Gravel was a rock for the Ontario Reign blueline last year. He was to the defensive group what Nic Dowd was to the forward group. If it was a big play or a big moment, big Kevin Gravel was out there. Gravel is a solid all-around defenseman. There are few deficiencies in his overall game, and his quick thinking and sharp puck movement caught the attention of at least this scout/writer. It seemed like as soon as the puck settled onto Kevin Gravel's stick, it was moving up ice in the right direction.

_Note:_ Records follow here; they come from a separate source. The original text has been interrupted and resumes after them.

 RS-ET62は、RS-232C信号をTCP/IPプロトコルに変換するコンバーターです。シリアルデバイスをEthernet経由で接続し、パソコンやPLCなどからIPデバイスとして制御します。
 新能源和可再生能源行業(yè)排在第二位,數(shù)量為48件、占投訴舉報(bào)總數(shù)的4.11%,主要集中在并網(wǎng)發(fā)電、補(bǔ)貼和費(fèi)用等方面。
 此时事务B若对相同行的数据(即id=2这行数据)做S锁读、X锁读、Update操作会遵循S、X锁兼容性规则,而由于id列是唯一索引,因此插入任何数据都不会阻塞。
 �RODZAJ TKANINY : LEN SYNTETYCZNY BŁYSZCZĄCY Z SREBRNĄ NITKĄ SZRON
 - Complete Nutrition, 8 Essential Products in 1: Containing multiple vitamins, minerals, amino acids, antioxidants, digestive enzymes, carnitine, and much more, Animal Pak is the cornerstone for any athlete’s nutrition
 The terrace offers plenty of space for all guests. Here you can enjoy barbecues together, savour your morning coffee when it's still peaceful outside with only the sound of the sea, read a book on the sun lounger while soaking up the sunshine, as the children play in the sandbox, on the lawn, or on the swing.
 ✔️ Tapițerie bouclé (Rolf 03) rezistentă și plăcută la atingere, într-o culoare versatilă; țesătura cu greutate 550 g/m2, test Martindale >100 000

He has great size, a poise with the puck, mobility, a powerful shot, and an altogether cool and composed style both on and off the ice. Gravel saw limited action last season in a late season call-up, but everyone in the Kings organization seemed to be impressed with the potential he showed. Gravel, drafted in the 5th round in 2010, has always seemed to fly under the radar despite a good overall skillset. He was a member of the USA U20 WJC squad in 2011-12, was a USHL all-star with Sioux City, and twice made the NCAA All-Academic team while at St. Cloud State. He also won the Calder Cup in 2014-15 with the Monarchs/Reign. The Kings like the idea of a winner, and Gravel has done so at a lot of levels. While his ceiling may be somewhat limited, his floor is also pretty high. Gravel is a calm all-around defenseman and brings a lot of strong elements, be it puck moving, size, defensive play, offensive ability, or special teams play, to an NHL roster.

Derek Forbort

The forgotten prospect sometimes. We are a long time away from the 2010 draft in which Forbort was taken 15th overall (Yes *Sigh* ahead of Tarasenko..we get it).

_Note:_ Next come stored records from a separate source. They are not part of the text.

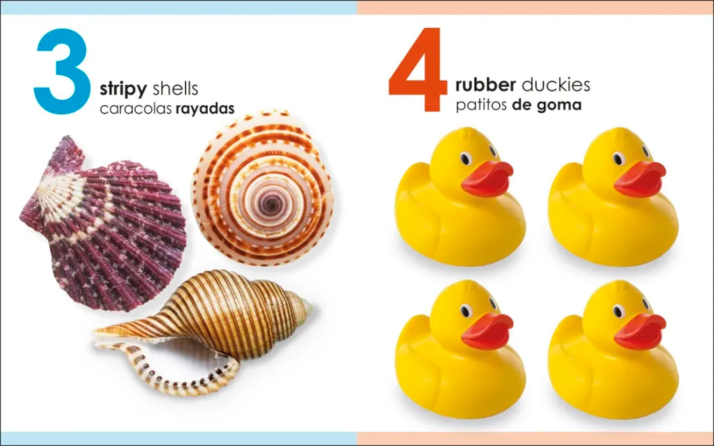 Este libro para bebés en español e inglés, My First Bilingual 123, enseña a los niños a:
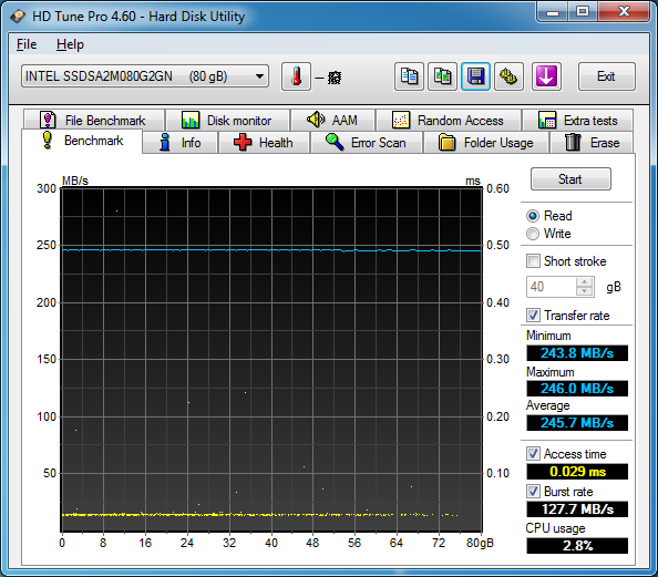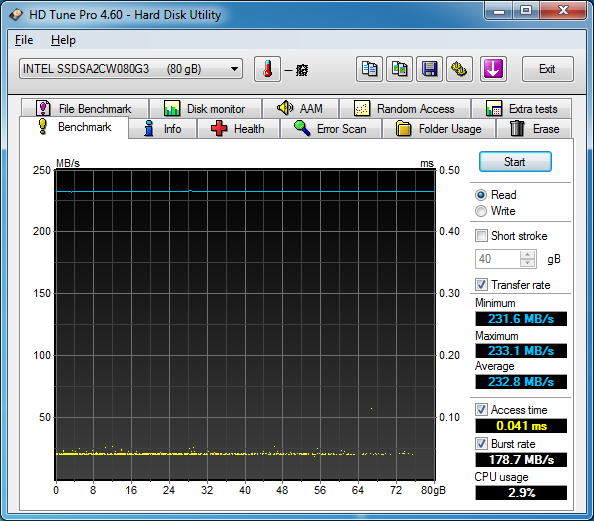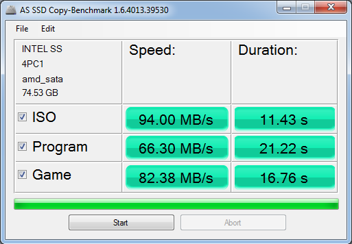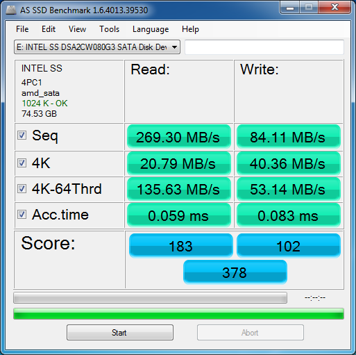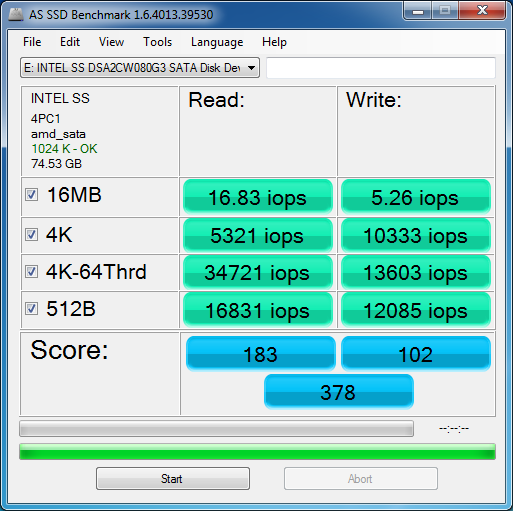 Немецкий тест, столь популярный у владельцев SSD. Измеряет скорость линейной записи и чтения, работу накопителя с блоками размером 4КБ, а также показывает время доступа устройства, тестирует IOPS и проводит тест копирования. Так как бенчмарк сравнительно новый, тут не будет сравнения с X25M-G2.
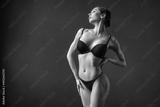 Beautiful sensual fitness woman with a good figure in black underwear, posing.
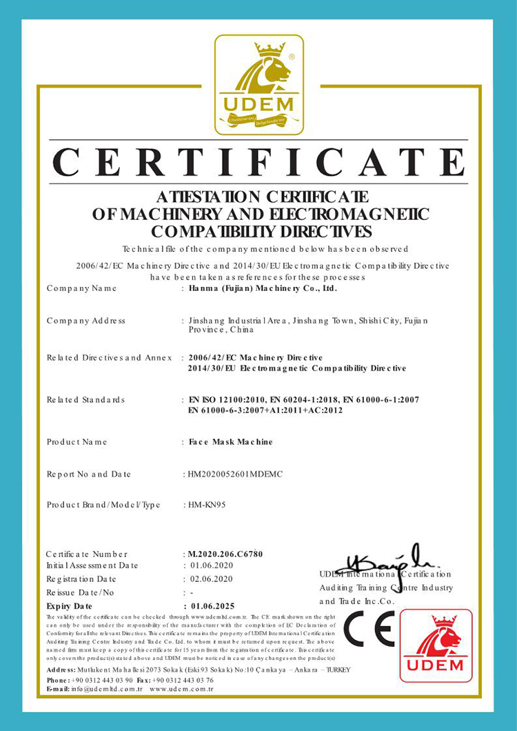 近日,我公司生產(chǎn)的口罩機(jī)經(jīng)歐盟CE認(rèn)證機(jī)構(gòu)檢測,通過了各項指標(biāo)測定,獲得歐盟認(rèn)證機(jī)構(gòu)頒發(fā)的CE認(rèn)證證書,取得了進(jìn)入歐洲聯(lián)盟市場的銷售通行證。我公司目前認(rèn)證內(nèi)容包括大圓機(jī)、濕紙巾,口罩機(jī)系列產(chǎn)品,此次“漢馬牌”口罩機(jī)獲得CE認(rèn)證這一標(biāo)準(zhǔn)的證書,標(biāo)志著漢馬牌的產(chǎn)品在外國市場上進(jìn)一步得到認(rèn)可,符合公司長遠(yuǎn)的發(fā)展目標(biāo)。

Forbort, however is still darn useful, and people tend to forget that given his long path of development. Forbort was fairly good last year, and he was good in a year that saw him bounce in and out of the lineup and fail to get a whole lot of flow going in his game on a night to night basis. There were nights like the infamous seven defensemen night against Ottawa, where Forbort played 6 shifts and a healthy 3:53 of ice time. While he stayed with the Kings for almost half the year, Forbort actually played fewer games than Michael Mersch (Mersch played 17 while Forbort played 14).

Overall, the former UND defenseman is the posterboy of small sample sizing. He was outstanding in analytics sense, leading the Kings in almost too many categories by too wide of a margin to be real life. The problem was he never got a chance after the Rob Scuderi and Luke Schenn acquisitions to play in the NHL again. Instead we were left wondering "Who is Derek Forbort?"

Forbort by no means is a top 2, 3, or maybe even 4 defenseman. However, he is a calm and steady defenseman who does a lot of things right with low reward and even lower risk. Forbort will rarely pinch on a play, throw the body to stop a rush at the redline, or saunter down into the offensive zone to create offense. Therein lies the greatest strength but also the greatest weakness of the 24-year old. He brings stability, but nothing more than that. Forbort is actually not all that dissimilar in style to Jeff Schultz or even Rob Scuderi. Their best moments often come when you do not notice them. Every team needs depth like that, and that is what Forbort could potentially bring to the roster if he can make the team on a full time basis finally. While he may never live down the 1st round tag, Forbort still has his use in the NHL if he can just get in and get a steady dose of minutes. With as wide open as the Kings bottom pair is this training camp, this should be his year.